[[ DATA FOR ANALYSIS, beginning ]]
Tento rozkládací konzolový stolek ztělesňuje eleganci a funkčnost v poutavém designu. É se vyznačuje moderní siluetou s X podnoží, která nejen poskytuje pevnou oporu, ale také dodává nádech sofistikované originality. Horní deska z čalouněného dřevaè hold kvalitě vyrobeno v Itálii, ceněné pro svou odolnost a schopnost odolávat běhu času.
[[ DATA FOR ANALYSIS, end ]]
[[ DATA FOR ANALYSIS, beginning ]]
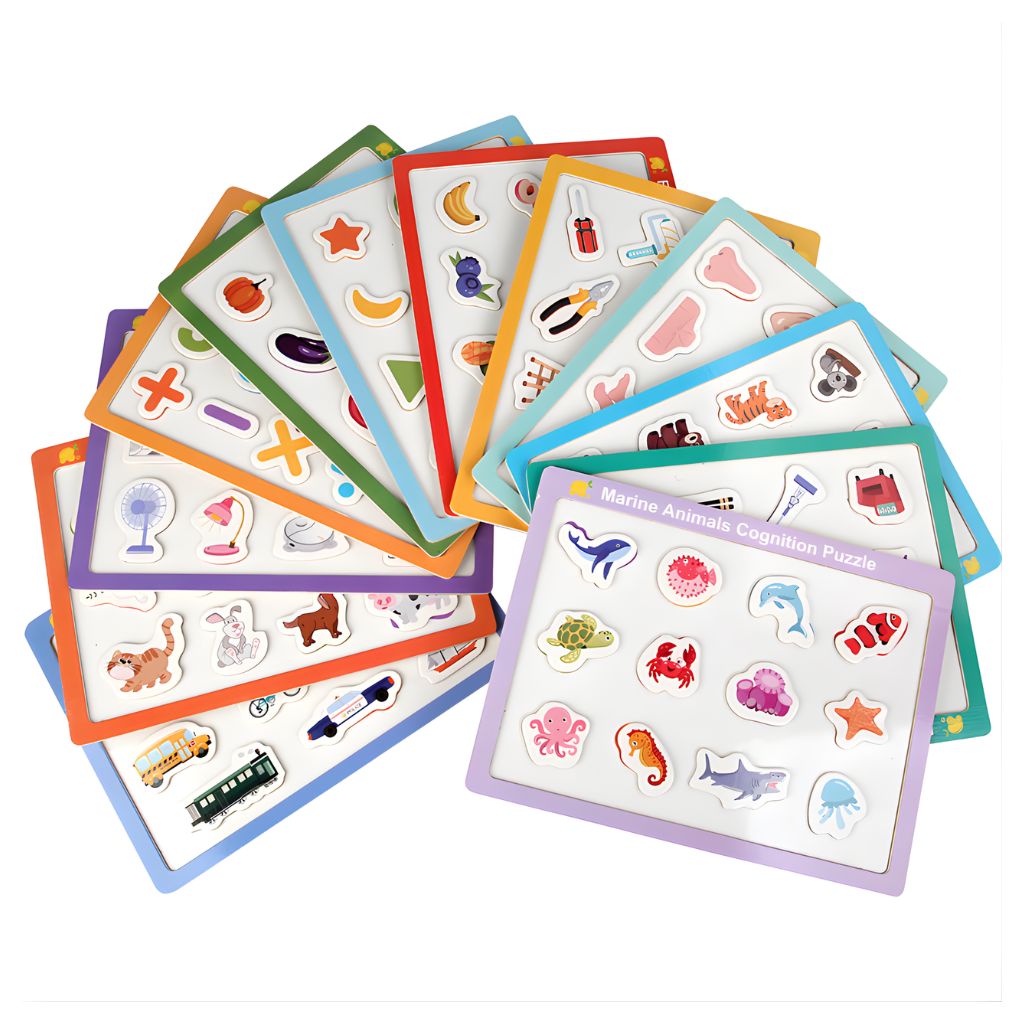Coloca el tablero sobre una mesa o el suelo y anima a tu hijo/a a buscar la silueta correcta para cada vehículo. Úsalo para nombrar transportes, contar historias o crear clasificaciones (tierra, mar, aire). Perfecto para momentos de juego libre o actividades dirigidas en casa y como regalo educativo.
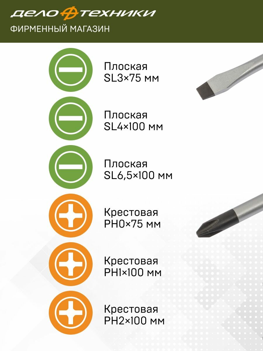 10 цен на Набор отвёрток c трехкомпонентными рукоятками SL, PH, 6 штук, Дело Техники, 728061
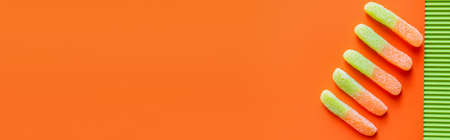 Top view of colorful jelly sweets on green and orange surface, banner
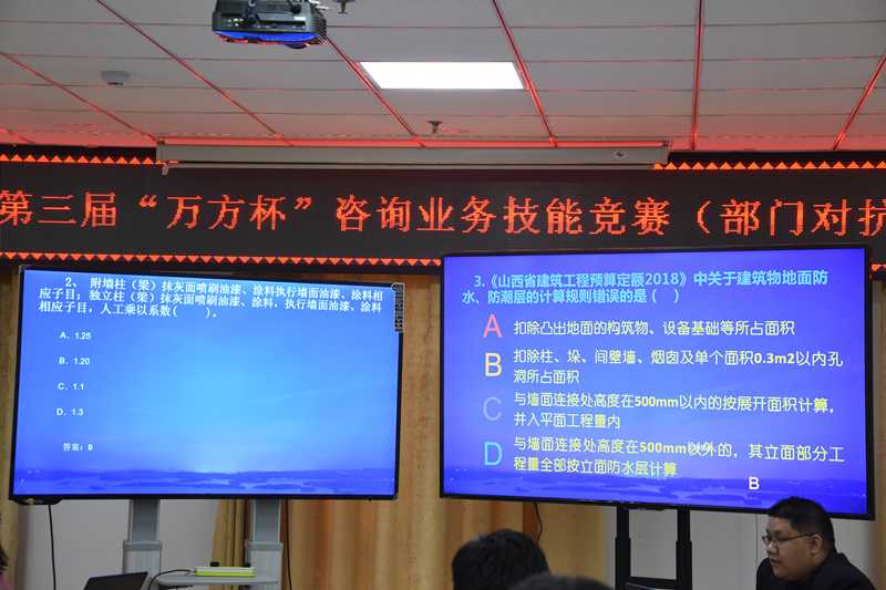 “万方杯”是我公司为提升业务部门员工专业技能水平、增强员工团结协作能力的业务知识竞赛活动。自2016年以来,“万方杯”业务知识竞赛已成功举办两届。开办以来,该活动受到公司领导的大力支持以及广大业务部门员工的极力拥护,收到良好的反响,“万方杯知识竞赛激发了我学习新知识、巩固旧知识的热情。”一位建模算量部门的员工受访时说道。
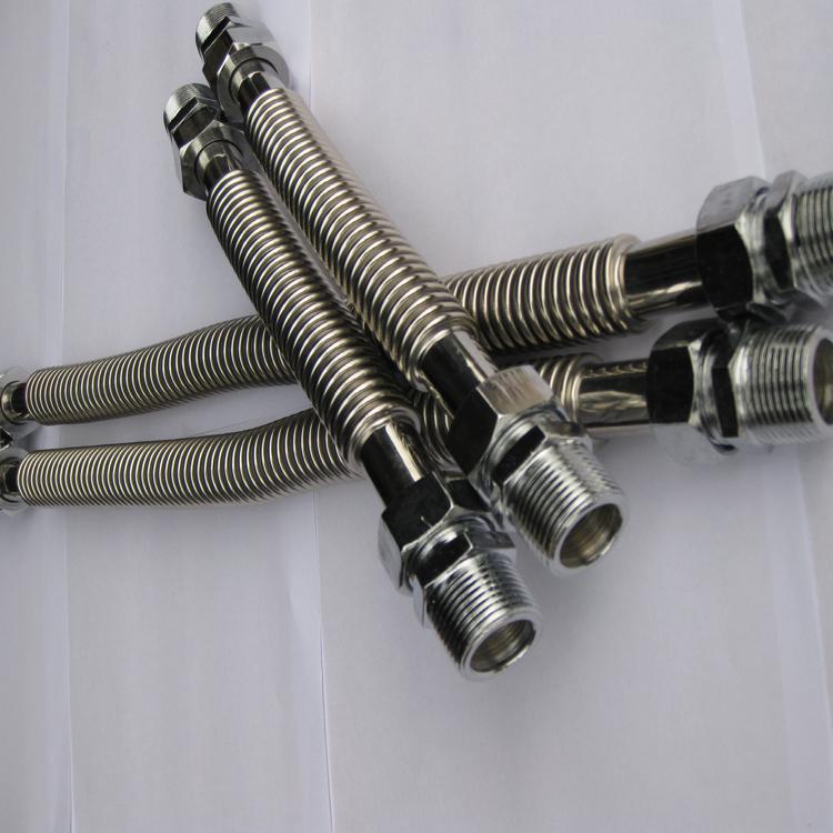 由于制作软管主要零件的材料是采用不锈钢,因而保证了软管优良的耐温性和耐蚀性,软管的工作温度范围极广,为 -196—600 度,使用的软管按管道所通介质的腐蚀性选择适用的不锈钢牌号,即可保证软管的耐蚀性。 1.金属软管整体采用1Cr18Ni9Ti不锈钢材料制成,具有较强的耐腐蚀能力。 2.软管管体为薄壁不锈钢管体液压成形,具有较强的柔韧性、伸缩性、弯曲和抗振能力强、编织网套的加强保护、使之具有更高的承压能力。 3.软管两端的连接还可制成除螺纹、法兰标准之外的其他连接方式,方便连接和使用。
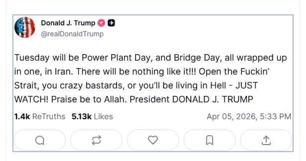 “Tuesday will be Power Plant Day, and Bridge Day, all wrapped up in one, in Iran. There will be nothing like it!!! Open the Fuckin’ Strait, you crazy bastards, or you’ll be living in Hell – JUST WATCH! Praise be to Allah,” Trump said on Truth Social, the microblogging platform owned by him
[[ DATA FOR ANALYSIS, end ]]
TASK DETAILS — Above are records with pictures. Reproduce exactly only the lines from the line with "10 цен на Набор" through the line with "Top view of", both ends included, and leave the pictures out.

RESULT —
 10 цен на Набор отвёрток c трехкомпонентными рукоятками SL, PH, 6 штук, Дело Техники, 728061
 Top view of colorful jelly sweets on green and orange surface, banner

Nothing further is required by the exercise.